Money will be awarded in November, and winning projects will start receiving it by year-end. Another application round will be held for the remaining $3.2 billion left for broadband expansion under the American Recovery and Reinvestment Act.

According to the Recovery Act, an underserved area is one or more contiguous census tracts that can show at least one of four factors: No more than 50 percent of households have access; no service provider offers at least 3 megabits per second download speed; the rate of broadband subscribers is less than 40 percent; or there is no service.

In some poorer urban census blocks, being below the 40 percent subscriber threshold could mean eligibility for grant money to set up a computer center.

Pipeline construction contracts awarded
Enbridge Energy was awarded a contract to U.S. Pipeline Inc. for construction of 87 miles of 36-inch and 20-inch pipeline with two spreads in Clearwater, Beltrami, Hubbard, Cass and Itasca Counties, MN. Headquarters is Bemidji, MN. The superintendents are Wayne Fontenot and Jim Jennings.
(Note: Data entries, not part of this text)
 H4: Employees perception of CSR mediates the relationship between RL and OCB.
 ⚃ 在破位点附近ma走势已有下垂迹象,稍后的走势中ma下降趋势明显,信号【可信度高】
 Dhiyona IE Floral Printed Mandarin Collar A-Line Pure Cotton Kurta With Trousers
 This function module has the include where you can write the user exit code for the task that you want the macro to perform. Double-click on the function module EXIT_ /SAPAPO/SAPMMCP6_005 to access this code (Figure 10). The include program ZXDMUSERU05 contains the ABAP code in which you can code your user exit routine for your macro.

The approximate starting date is Aug. 17.

Blackwell Enterprises Inc. has been awarded a contract by Henkels & McCoy Inc. for right-of-way restoration and maintenance of approximately 60 miles of 42-inch pipeline in Lamar County, TX. Headquarters is Paris, TX. The superintendent is Glen Madden. The expected start date was July 6.

Precision Pipeline LLC received a contract from Enbridge Energy for 46 miles of 20-inch pipeline in LaSalle, Grundy and Will Counties, IL. Headquarters is Morris, IL. The superintendent is Russell Fischer. The approximate start date was July 13.
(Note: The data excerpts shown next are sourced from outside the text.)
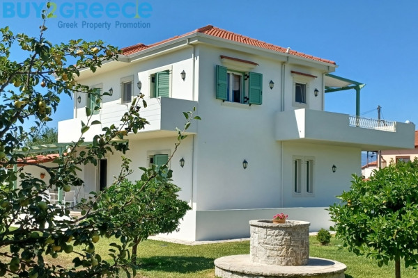 Detached house For sale, floor: Ground floor, 1st (2 Levels), in Amfilochia - Mpoukka. The Detached house is 170 sq.m. and it is located on a plot of 1.516 sq.m.. It consists of: 4 bedrooms, 2 bathrooms, 1 kitchens, 1 living rooms and it also has 3 parkings (3 Open). The property was built in 2007. Its heating is Autonomous with Oil, Heating per level, Boiler are also available, it has Aluminum frames with Double glazed windows, the energy certificate is: D and its floors are Tiles. The property's status is: Excellent condition, it is close to Seaside, 500 Meters from seaside, it has Unobstructed view. The Detached house is Painted, Furnished, With Facade, Bright, Airy, Luxury, it is suitable for Holiday home, Investment and it also has the following unique features and advantages: Electric Appliances, Storage, Garden, Grass. Price: €360,000. Buy2Greece, contact phone: 2107710150, email:
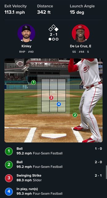 四局下De La Cruz作為首名打者上場,
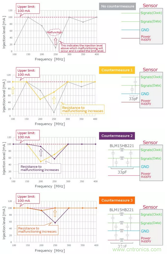 傳感器的信號線收到噪聲影響,傳感器的通信會發生停止。提高注入的噪聲水平,調查能夠正常工作(不發生誤操作)的水平極限。
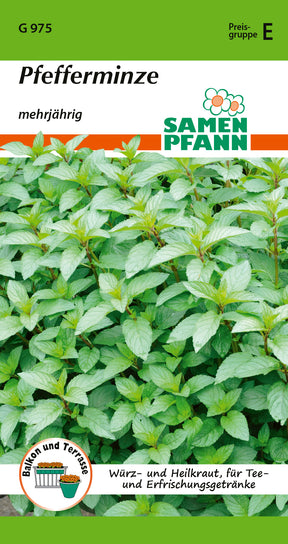 Mentha piperita Pfefferminze ’mehrjährig’ Verwendung vor allem zur Teeproduktion, bei Magenverstimmung, Blähungen, Galle und Darmbeschwerden. Auch als tägliches Erfrischungsgetränk beliebt. Frisch oder getrocknet zu Rohkostsalaten, Suppen, Marinaden und Soßen.
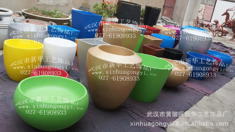 本厂生产的玻璃钢(简称FRP)花盆是一种用玻璃钢纤维作增强材料,不饱和聚酯树脂为基体,经过特殊的加工复合而成,玻璃钢花盆重量轻,强度高,造型独特,耐腐蚀,永不褪色,玻璃钢花盆有浮雕等特殊工艺,有欧美,喷泉等风格,有青铜,铸铜,仿古效果,玻璃钢花盆美观实用周期长的特殊性,是目前最受欢迎的一种花盆,本厂可根据客户要求进行定制产品,我厂上千个品种花盆已出售全国各地城市。

New Immigration Enforcement requires review of contractor practices

Immigration and Customs Enforcement (ICE) officials launched a new worksite enforcement campaign targeting employers and their I-9 practices.
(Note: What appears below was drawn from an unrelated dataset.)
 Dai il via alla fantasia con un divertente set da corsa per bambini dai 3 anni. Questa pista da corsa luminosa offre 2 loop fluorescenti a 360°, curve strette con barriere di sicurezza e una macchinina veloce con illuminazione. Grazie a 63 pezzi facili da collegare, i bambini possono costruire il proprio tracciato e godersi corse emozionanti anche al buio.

ICE issue Notices of Inspection to 652 businesses nationwide. This announcement marks the shift in enforcement form the Bush administration’s policy of emphasizing criminal investigations of employers suspected of violating the federal immigration employment laws.

Local immigration counsel advises that in addition to continued criminal violations fro egregious behavior, there is now a full range of civil fines from paperwork violations to hiring or continuing to hire unauthorized aliens. Counsel expects this trend to continue and more employers will come under scrutiny for their I-9 practices.

Fines can range from $110 to $1,100 for paperwork violations to $275 to $2,200 for unauthorized hiring violations.

With these new ICE enforcement provisions in place, the PLCA recommends that contractors conduct a full audit of their I-9 and immigration related practices.

California’s bonds near junk rating
California’s credit rating was cut for the second time in as many weeks by Fitch Ratings after a stalemate over how to close a $26 billion budget deficit forced the most-populous U.S. state to pay some bills with IOUs.

Fitch lowered its rating of California’s general obligation bonds by two steps to BBB from A-, placing the debt two ranks above junk status, and said the state may be cut further. The credit-rating company last lowered its assessment of California on June 25. Standard & Poor’s has said it also is considering ratings downgrades on California.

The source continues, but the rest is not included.